Был он мне темен в другом еще; в жизненных жестах; например: в экспрессии выбега из кабинетика в быт; ничего не видит, не слышит, — и вдруг, совершенно случайно расслышав, как что-то кухарка бормочет о чистке картофеля; и — как снег на голову: из отворенной двери карманом куртчонки своей зацепляясь за дверь, прямо в кухню:
— Не так-с надо чистить картофель: вот как-с! Цифрами, формулами начинает выгранивать методы: чистки картофеля или морения тараканов, которые вдруг завелись; помню сцену: приехал к отцу математик по спешному делу из дальней провинции; мой же отец, стоя на табурете, имея по правую руку кухарку, по левую горничную со свечами, спринцовкой опрыскивал тараканов испуганных, с ужасом им вдруг в буфете открытых:
— Вот видите-с, — как-с: негодяй убегает, а я его — так-с.
И — пфф-пфф — в таракана спринцовкою; вспомнивши, что математик приезжий стоит, рот раскрыв, с удивлением созерцая картину гоняющегося спринцовкою за тараканом отца, угрожающего падением с табурета и развевающего полы халата, он бросил ему:
— Посидите тут, — вот, изволите видеть: морю тараканов; да-с, да-с — тараканы у нас развелись.
Отвернувшись от математика, бросился он спринцовкою за убегающим тараканом:
— Ах, ах, — негодяй: ишь ты, — тоже спасается; а я его…
Моя мать, тетя и гувернантка, следящие исподтишка за картиною этой, тут фыркнули; сам математик почтительный, вижу, уже начинает беззвучно трястись; и кухарка, и горничная тоже пляшут плечами; и я смеюсь; только отец — нуль вниманья на смехи, хотя слышит их:
— Ах, какая гадость; вот дьявольщина, — развелись тараканы: скажите, пожалуйста!
Только минут через двадцать, сойдя с табурета, отдавши прислуге халат, он подшаркнул, превежливо и предовольно перетирая руками:
— Ну вот-с, и прекрасно: садитесь, пожалуйста, — ведь уж и так математик уселся, — да-с, нечего делать ведь: тараканы — ужасная пакость; ну, чем я могу вам служить?
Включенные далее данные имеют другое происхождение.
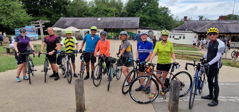 My first Autumn ride on Sunday 4th September was very well attended – 10 turned up for a ride out to the Vineries Garden Centre Coffee Shop at Effingham. Unfortunately we had a bad start for the first 7 of us setting off from Shurgard. We had only just got past the Tesco roundabout when “puncture” was called by Julie, so we all pulled in off the road.
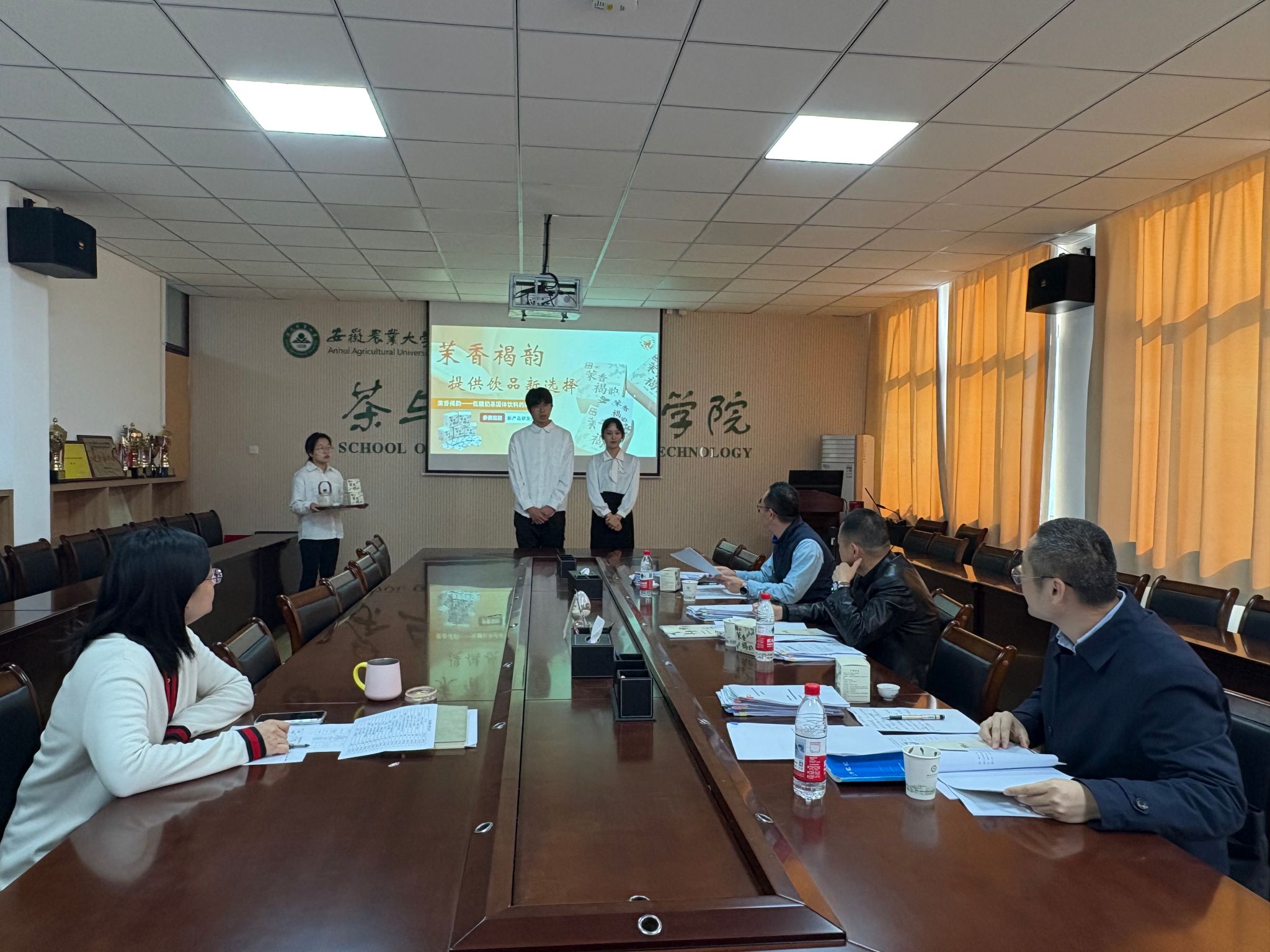 答辩现场气氛紧张而热烈。各参赛团队图文并茂地阐述了作品的设计理念、技术路线、创新特色及市场应用前景。评委专家从创新性、科学性、可行性、现场表现等多个维度对每个项目进行了评审,并就项目中存在的关键问题与同学们进行了深入的交流和探讨,提出了许多建设性的指导意见。最终推荐排名前列的8项作品代表学校参加2025年安徽省老员工食品设计创新大赛决赛。

Темен был мне отец в этих странных усилиях к ясности, к точности и к немедленной ликвидации всякого иррационального пятнышка, выступившего перед ним точно на переосвещенной поверхности; он все удивительно переосвещал: освещал со всех сторон пунктами и подпунктами своих объяснений; но переосвященная плоскость переменяла обычный рельеф: на рельеф диковатый и от переосвещения — темный:
— Люблю я Риццони: вот это художник; его можно в лупу разглядывать.
Он очинивал карандашики так, что их прямо бы под микроскоп: до того совершенно они заострялись; и всем выдвигал острие карандашиков, как неизбежное; люди смеялись: —
«Чудак»!
Для меня же стояло проблемой чудачество это; в переосвещении, в переобъясненности, в переочинке им все выдвигалося, как действительность подлинная, не действительность, видимая невооруженным глазом, а видимая в микроскоп; был способен заметить бациллу, как ползающий дифференциалик по скатерти; и был способен не видеть большого предмета, стоящего прямо под носом; предметы он видел в их, так сказать, дифференциальном раздробе, а данный факт жизни все силился он сынтегрировать; наша квартира в его представлении — мир интегралов, к которым еще надо долгим сложением аналитических данных прийти.